→ Task to complete
Only the lines from the one containing "12月15日全国肉毛鸡价格行情(落价)" to the end of the data should be copied, exactly and without pictures.

→ Data provided
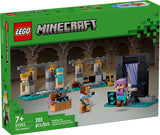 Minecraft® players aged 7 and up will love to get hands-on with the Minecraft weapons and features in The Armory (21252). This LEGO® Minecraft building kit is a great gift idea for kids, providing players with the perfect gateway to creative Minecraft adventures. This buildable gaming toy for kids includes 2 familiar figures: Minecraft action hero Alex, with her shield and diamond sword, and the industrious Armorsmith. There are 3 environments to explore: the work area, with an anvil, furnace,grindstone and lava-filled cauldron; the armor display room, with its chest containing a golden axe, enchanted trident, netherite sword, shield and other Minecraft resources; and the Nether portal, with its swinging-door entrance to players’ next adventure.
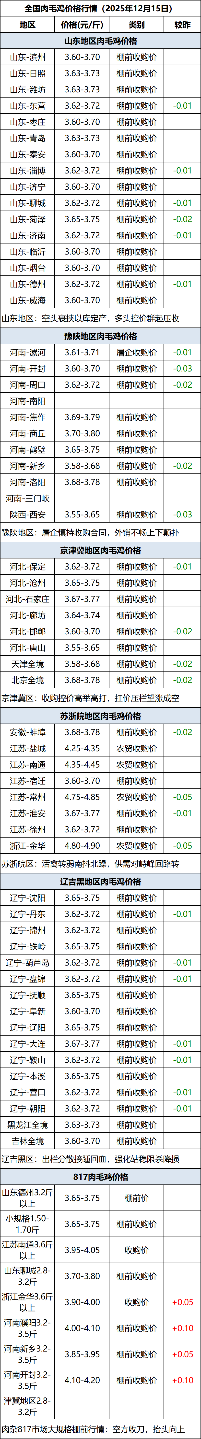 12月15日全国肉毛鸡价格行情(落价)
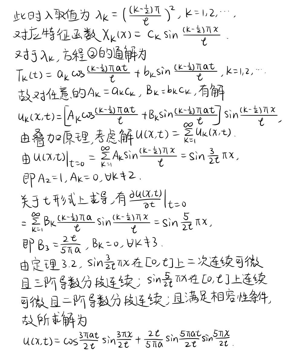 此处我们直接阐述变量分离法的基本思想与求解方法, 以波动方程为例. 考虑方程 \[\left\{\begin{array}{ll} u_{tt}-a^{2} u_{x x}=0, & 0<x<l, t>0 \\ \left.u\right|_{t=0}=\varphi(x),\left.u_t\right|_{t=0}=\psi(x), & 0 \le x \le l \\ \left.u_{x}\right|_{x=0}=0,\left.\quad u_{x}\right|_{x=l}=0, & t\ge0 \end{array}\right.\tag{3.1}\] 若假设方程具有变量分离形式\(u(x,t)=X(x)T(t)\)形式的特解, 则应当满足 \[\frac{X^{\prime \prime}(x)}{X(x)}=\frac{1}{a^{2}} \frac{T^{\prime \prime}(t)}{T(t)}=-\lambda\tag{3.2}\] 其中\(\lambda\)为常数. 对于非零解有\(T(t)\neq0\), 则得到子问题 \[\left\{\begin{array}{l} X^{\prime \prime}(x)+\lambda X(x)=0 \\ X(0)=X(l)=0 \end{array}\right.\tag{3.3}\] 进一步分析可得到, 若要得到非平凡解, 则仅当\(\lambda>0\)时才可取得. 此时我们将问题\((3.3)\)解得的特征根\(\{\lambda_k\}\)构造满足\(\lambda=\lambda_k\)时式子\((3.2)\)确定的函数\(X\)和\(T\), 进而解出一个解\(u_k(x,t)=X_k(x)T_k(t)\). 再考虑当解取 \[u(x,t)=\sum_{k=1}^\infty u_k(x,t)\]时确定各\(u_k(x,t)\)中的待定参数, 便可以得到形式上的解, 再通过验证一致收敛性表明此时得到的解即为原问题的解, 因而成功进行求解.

→ Your solution
 12月15日全国肉毛鸡价格行情(落价)
 此处我们直接阐述变量分离法的基本思想与求解方法, 以波动方程为例. 考虑方程 \[\left\{\begin{array}{ll} u_{tt}-a^{2} u_{x x}=0, & 0<x<l, t>0 \\ \left.u\right|_{t=0}=\varphi(x),\left.u_t\right|_{t=0}=\psi(x), & 0 \le x \le l \\ \left.u_{x}\right|_{x=0}=0,\left.\quad u_{x}\right|_{x=l}=0, & t\ge0 \end{array}\right.\tag{3.1}\] 若假设方程具有变量分离形式\(u(x,t)=X(x)T(t)\)形式的特解, 则应当满足 \[\frac{X^{\prime \prime}(x)}{X(x)}=\frac{1}{a^{2}} \frac{T^{\prime \prime}(t)}{T(t)}=-\lambda\tag{3.2}\] 其中\(\lambda\)为常数. 对于非零解有\(T(t)\neq0\), 则得到子问题 \[\left\{\begin{array}{l} X^{\prime \prime}(x)+\lambda X(x)=0 \\ X(0)=X(l)=0 \end{array}\right.\tag{3.3}\] 进一步分析可得到, 若要得到非平凡解, 则仅当\(\lambda>0\)时才可取得. 此时我们将问题\((3.3)\)解得的特征根\(\{\lambda_k\}\)构造满足\(\lambda=\lambda_k\)时式子\((3.2)\)确定的函数\(X\)和\(T\), 进而解出一个解\(u_k(x,t)=X_k(x)T_k(t)\). 再考虑当解取 \[u(x,t)=\sum_{k=1}^\infty u_k(x,t)\]时确定各\(u_k(x,t)\)中的待定参数, 便可以得到形式上的解, 再通过验证一致收敛性表明此时得到的解即为原问题的解, 因而成功进行求解.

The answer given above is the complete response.